Although a growing body of research has emphasized the role of the human gut microbiome in human health and disease, knowledge of phages that can infect major human gut commensal bacteria remains limited. The discovery of their interactions will provide potential tools for precise manipulation of specific microbes in human gut and be of great benefit to studies about the function of intestinal symbiotic bacteria as well as development of therapies for treating pathogenic bacteria. Therefore, we collected 454 bacterial isolates (representing 222 species) from the human gastrointestinal tract that have complete sequences and annotation via https://www.hmpdacc.org/hmp/HMRGD/. In total, 416 candidate phages for 135 (30%) bacteria from 55 (25%) species were predicted with high reliability using a PHISDetector, with 95 (70.4%) strains detected by strong signals in criterion 1, and 108 (80%) using a machine learning model (Figure 4C).

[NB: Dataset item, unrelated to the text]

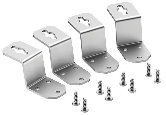 Sada vnějších úchytů z ušlechtilé oceli V4A, možná montáž v úhlu 0° nebo 90°, sada = 4 ks, Vzdálenost od stěny 40 mm Rozměry: 35 x 90 x 38,5 mm
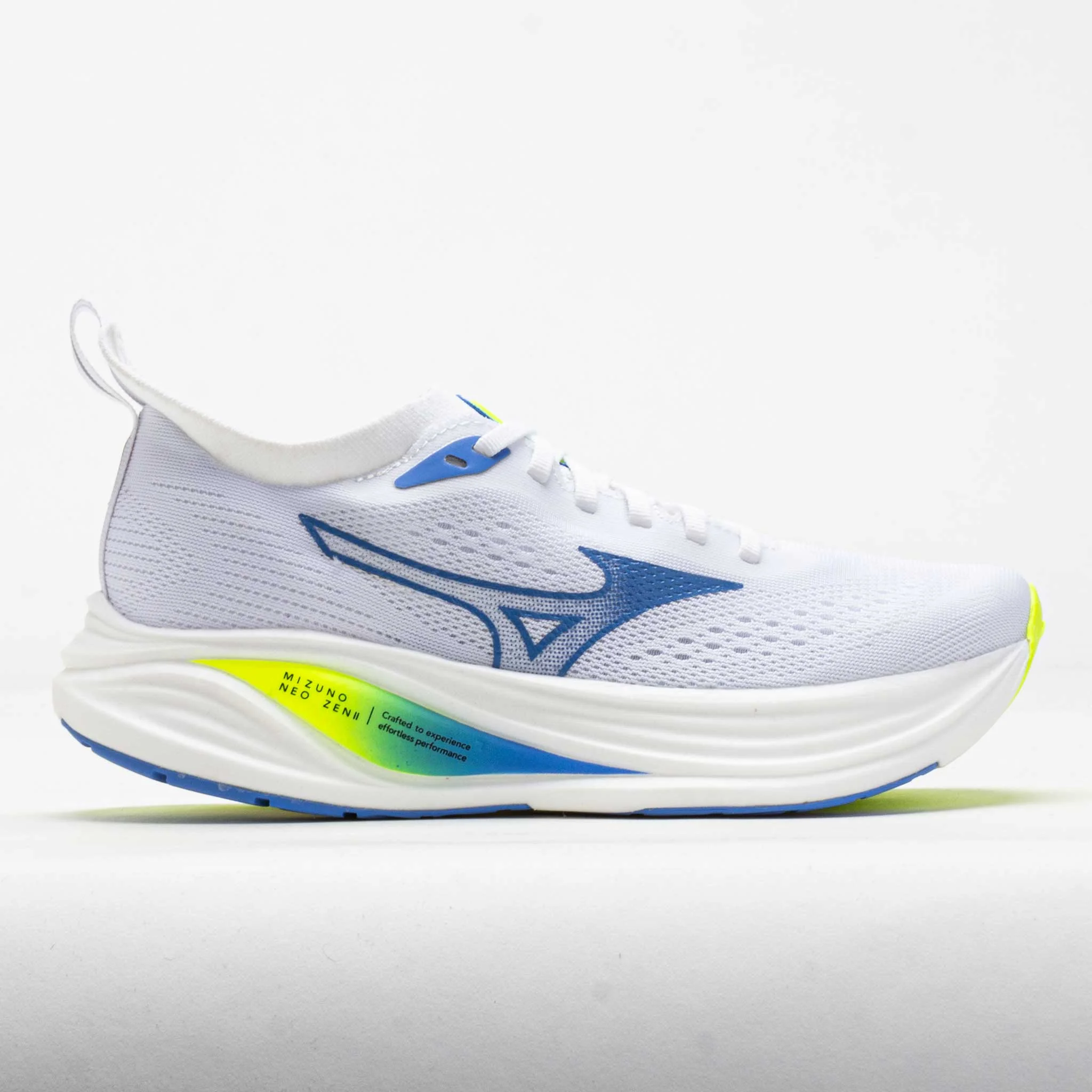 Feel the bounce with every stride in the Mizuno Neo Zen 2! This lightweight neutral running shoe combines smooth and efficient transitions with enhanced stability for daily training. Enjoy an accommodating fit in the breathable mesh and stretchy knit upper. The nitrogen-infused EVA midsole provides energy return and a strong ground feel, while SMOOTH SPEED ASSIST geometry aids an efficient gait. Whether you're pushing the pace or cruising easy miles, the Mizuno Neo Zen 2 helps you find peace in pursuit of your goals! What's New? - Redesigned upper blends breathable mesh and stretchy knit for a more accommodating fit. - MIZUNO ENRZY NXT midsole made with nitrogen-infused EVA for a stable yet energetic ride. Who's it for? - Neutral runners looking for a super trainer to wear during swift daily miles. Shoe Technology Upper: Breathable mesh and stretchy knit upper offers an accommodating fit. Made with recycled materials to reduce carbon emissions. Midsole: MIZUNO ENERZY NXT with nitrogen-infused EVA provides energy return and a strong ground feel. SMOOTH SPEED ASSIST technology uses foot angle science to reduce calf strain and create smooth transitions. Outsole: X-10 rubber offers long-lasting traction. Wide base delivers a swift and stable ride. PRODUCT SPECIFICATIONS - Support: neutral - Color: White/Ultramarine - Forefoot Height: 34.5mm - Heel Height: 40.5mm - Offset: 6mm - Weight: 7.4 Ounces - Item #: 044055 - Style #: 411560.00UM

PHISDetector performed dependably for major gut bacteria; for example, as one of the most abundant bacterial species in the human gut microbiota, a reduction in the abundance of Faecalibacterium prausnitzii is relevant to the pathogenesis of inflammatory bowel disease (IBD) [42]. PHISDetector could identify the exact infecting phages for several F. prausnitzii strains, whose phages were first isolated in 2018 [43] (Table 1). It should also be noted that only a limited number of phages could be isolated because most human gut bacteria are anaerobic, and are difficult to isolate or culture. Meanwhile, among the 319 bacterial isolates (182 species) for which PHISDetector failed to predict any reliable phages, in 88 species (∼ 48%) this was due to the lack of sequenced phages infecting bacteria within the same genus in our PGPD. With more human gut virome studies conducted, more gut phage DNA will be isolated, sequenced, and added into viral databases, which will notably enhance the detection ability of PHISDetector in the future.
Table 1.
Strain | Isolated phage name | Isolated phage GenBank ID | Predicted phage GenBank ID |
PHIS |
||||||
---|---|---|---|---|---|---|---|---|---|---|
CRISPR |
Prophage |
Genetic homology |
Machine learning | |||||||
C1 | C2 | C1 | C2 | C1 | C2 | |||||
Faecalibacterium prausnitzii M21/2 | FP_Epona | MG711462 | NA | × | × | × | √ | × | × | × |
Faecalibacterium prausnitzii A2-165 | FP_Mushu | MG711460 | MG711460 | × | × | √ | √ | √ | √ | × |
FP_Lagaffe | MG711461 | MG711461 | × | × | √ | √ | √ | √ | × | |
Faecalibacterium prausnitzii SL3/3 | FP_Toutatis | MG711466 | MG711466 | × | × | × | √ | × | √ | √ |
Faecalibacterium prausnitzii KLE1255 | FP_Lugh | MG711464 | NA | × | × | × | × | × | × | × |
FP_Toutatis | MG711466 | MG711466 | × | × | √ | √ | × | √ | × | |
Faecalibacterium prausnitzii L2-6 | FP_Toutatis | MG711466 | MG711466 | × | × | √ | √ | √ | √ | × |
FP_Lugh | MG711464 | NA | × | × | × | × | × | × | × | |
FP_Taranis | MG711467 | MG711467 | √ | √ | √ | √ | × | √ | × |
Note: “√” denotes that the corresponding signal could be detected for the phage–host pair; “×” denotes that the corresponding signal could not be detected for the phage–host pair. C1 and C2 denotes criterion 1 and criterion 2 defined in Table S3, respectively. PHIS, phage–host interaction signal; NA, not available.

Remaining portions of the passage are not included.